Hava savunma sistemimiz , radarlarımızı ve savaş yönetim sistemlerimiz gibi birçok silah sensor ve sistemi artık kendimiz tasarlayıp üretiyoruz.
Silahlı insansız deniz araçları üretiyoruz. Bunları sürü halinde hareket etmesi için çalışmalar yapıyoruz.
Ülkemiz tersanelerinde kendi ihtiyaçlarımız yanında dünyanın dört bir yanı için de gemiler ve botlar yapılıyor. Şuana kadar 25 ülkeye 180 adet deniz platformu ihracatı gerçekleştirdik.
Atmaca Gemisavar Füzemiz, Gökdeniz Yakın Hava Savunma Sistemimiz, Fırat Akrep Cenk Seyir Radar yerli sistemlerimiz.
Deniz ve hava gücümüze çarpan etkisi oluşturacak Amfibi kemiğimiz Anadolu'yu bu süreçte hizmete alıyoruz. Yeni tip denizaltılarımız da denizde İkmal ve Muharebe Destek Gemimizde denizlerimizde çok daha güçlü ve caydırıcı olacağız.
Burada da üç savaş gemimizin aynı anda inşa ederek yine bir ilke imza atıyoruz.
İHA ve SİHA'ların yanı sıra insansız ve otonom deniz araçlarının da kullanılabileceği kara hava deniz unsurlarının müşterek görevi icra edeceği sistemler tasarlıyoruz.
Denizaltı platformlarından uçak gemilerine kadar çeşitli muharip deniz platformlarını ileri teknolojiye sahip yerli milli silah ve sensor sistemleri ile birlikte geliştirip ihraç edeceğiz.
Ayrıca yerli ve milli imkanlarla üreteceğimiz uçak gemimizin sağlayacağı deniz hava gücümüzde bu alanda dünyanın en üst ligede çıkmış olacağız.
Hedefimiz savunma sanayinde tam bağımsız bir Türkiye'dir.
95. kuruluş yıldönümünü geride bıraktığımız Milli İstihbarat Teşkilatımız terörle mücadele ve dış istihbarat konularında yaptığı hizmetlerle milli güvenliğimizde önemli katkılar sunuyor.
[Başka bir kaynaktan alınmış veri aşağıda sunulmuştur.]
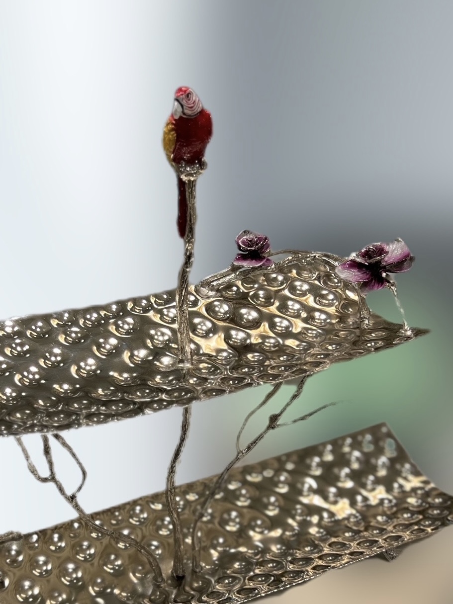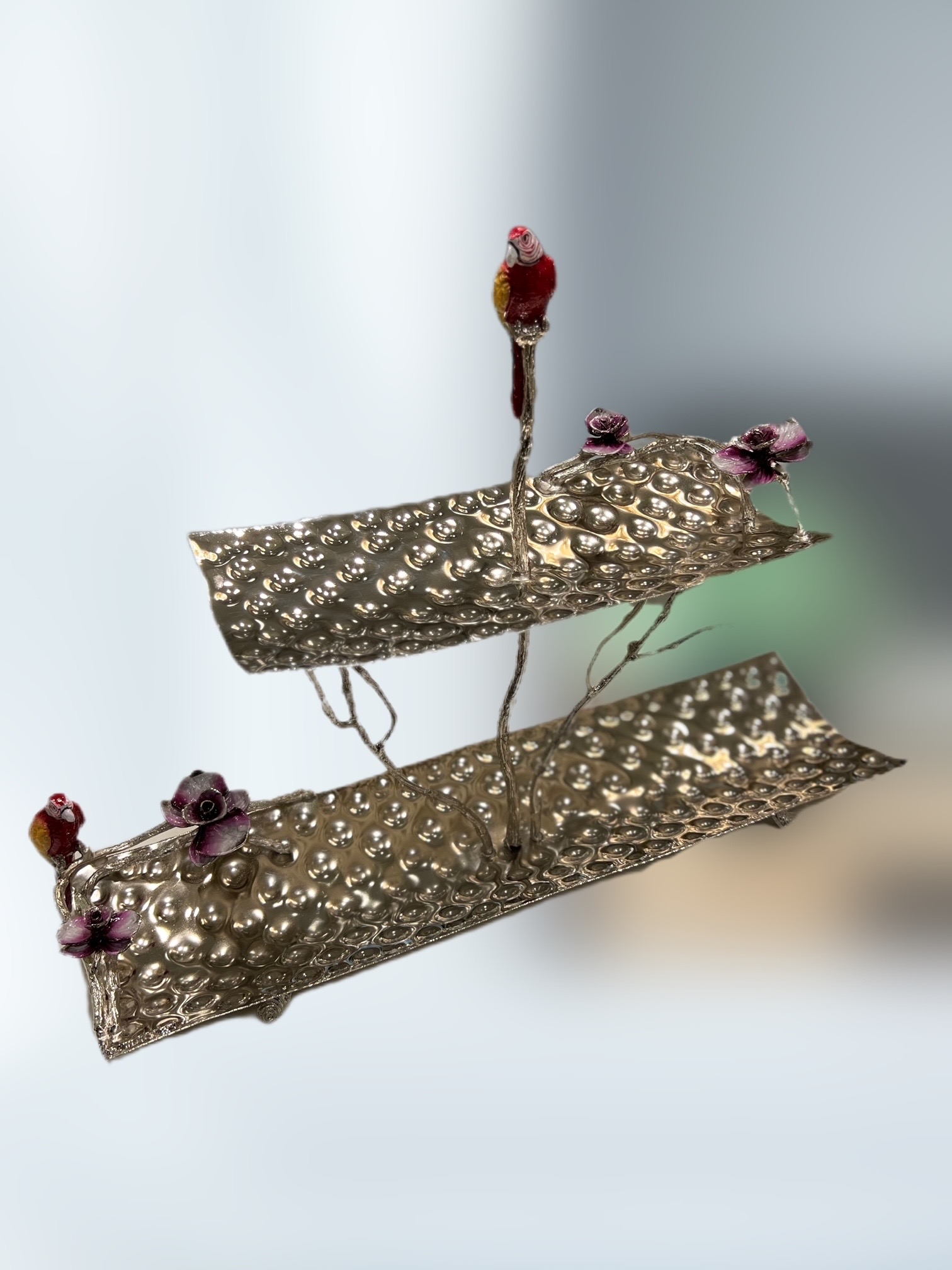 رولتخوری طوطی دوطبقه روکش نقره ، ریخته گری ، میناکاری 11033

Temin ettiği taktik istihbarat ve yürüttüğü operasyonlarla oyunun seyrini ülkemizde değiştiren başarılara imza atıyor.
İstihbarat Teşkilatı'nın sahip olduğu en modern donanımlara sahip bu gemimiz sayesinde kara ve hava da olduğu gibi denizlerde de gücümüzün artacağına inanıyorum. Teşkilatımızın bir sonraki hedefi uydu istihbaratı yoluyla uzayda da yerini alarak tüm bu unsurları en etkin şekilde kullanmak olacaktır."